Awk to find the minimum and maximum values in a specific column

In [None]:
#awk '(NR==1){Min=$3;Max=$3};(NR>=3){if(Min>$3) Min=$3;if(Max<$3) Max=$3} END {printf "The Min is %d ,Max is %d",Min,Max}' ukb_mfi_chr1_v3.txt

Show the lowest p-values

In [None]:
#gzcat Test_INT-BMI.txt.gz | awk -F "\t" '{ if ($16 <= 5e-8) { print } }'| sort -g | head -n 5

To find the overlapping variants between dataset 1 and dataset 2

In [None]:
awk 'NR==FNR {FILE1[$1]=$0; next} ($1 in FILE1) {print $0}' dataset2 dataset1 > dataset1_subset_overlapping_dataset2

## PLINK v1.9 LD-clumping
To perform p-value informed LD clumping in PLINK. 
In this procedure only the most significant SNP (i.e. lowest p-value) in a LD block is identified and used for further analysis.

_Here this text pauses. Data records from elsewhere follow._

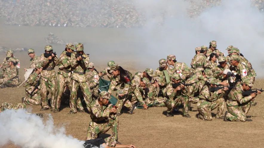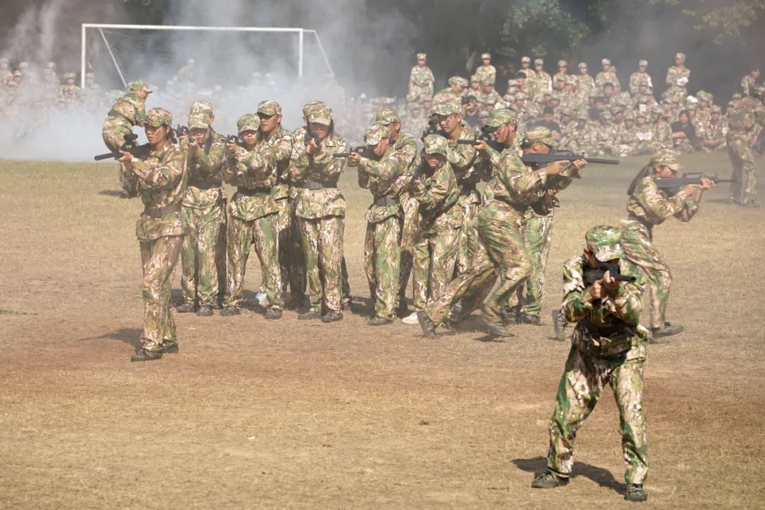 上午八時(shí)許,軍訓(xùn)會(huì)操拉開序幕。2023級參訓(xùn)新生按建制序列邁著整齊的步伐依次進(jìn)行隊(duì)列表演、軍體拳、棍法匕、戰(zhàn)場與救護(hù)、警棍盾牌操、偽裝與防護(hù)、擒敵拳、匕首操、防爆隊(duì)形等訓(xùn)練科目表演,同學(xué)們精神飽滿、隊(duì)列整齊、步伐堅(jiān)定、號聲嘹亮、姿態(tài)標(biāo)準(zhǔn)、氣勢如虹;響亮的口號,洋溢鮮活的青春力量,充分展示了華立學(xué)子斗志昂揚(yáng)、意氣風(fēng)發(fā)的精神風(fēng)貌和軍訓(xùn)取得的豐碩成果。
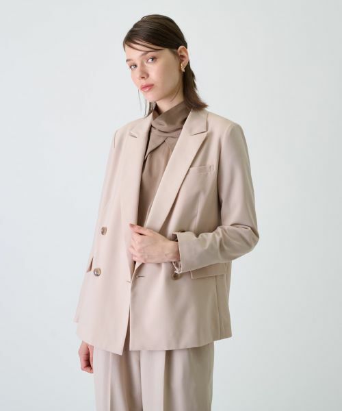 春らしい上品なカラーリングでデザインされた、ピークドラペルのダブルブレストジャケット。緩やかにラウンドしたラペルのラインや、程よくウエストシェイプしたシルエットが洗練されたスマートな着こなしを演出。前立てや袖口には表情のあるマーブルボタンを採用しており、さりげなくこだわりを感じさせるエッセンスに。後ろ裾はセンターベント仕様とし、動きやすさにも配慮されています。同素材のボトムスを合わせてセットアップでの着用もおすすめです。
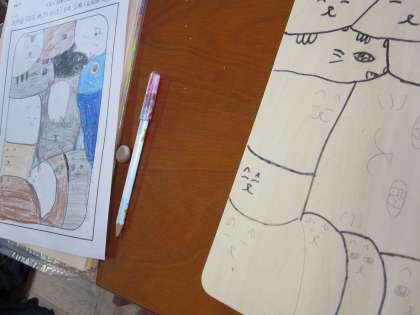 木の板を糸のこで切ってパズルを作るための構図を考えました。考えた構図を木の板に描いていきました。
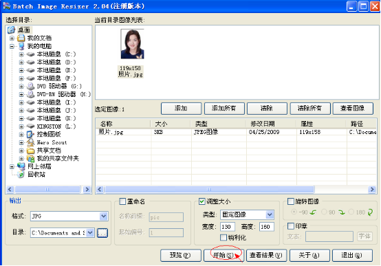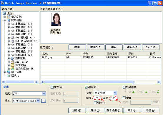 6、調(diào)整圖像大小,將其設(shè)置為130(寬度)×160(高度);

This reduces the correlation between the remaining SNPs while retaining SNPs with the strongest statistical evidence. 
This is done to identify a subset of independent SNPs in the dataset

**Questions:**

1. Which reference dataset to use? Options are 1000G_CEU, hapmap_CEU_r23a_filtered, UK10K, HRC reference panel
FIXME: if the SNPs are not in the reference panel they won't be outputed as index SNPs
2. What is the significance threshold for the index variant (p1) we should use for the analyses? p=5e-08
3. What significance threshold to use for the SNPs to be clumped? p=1 (this will include all the SNPs)
4. What LD r2 to use? r2=0.5
5. What window size in kb to use (research about the average LD in the human genome for CEU population)? I decided to use 1Mb (1000Kb)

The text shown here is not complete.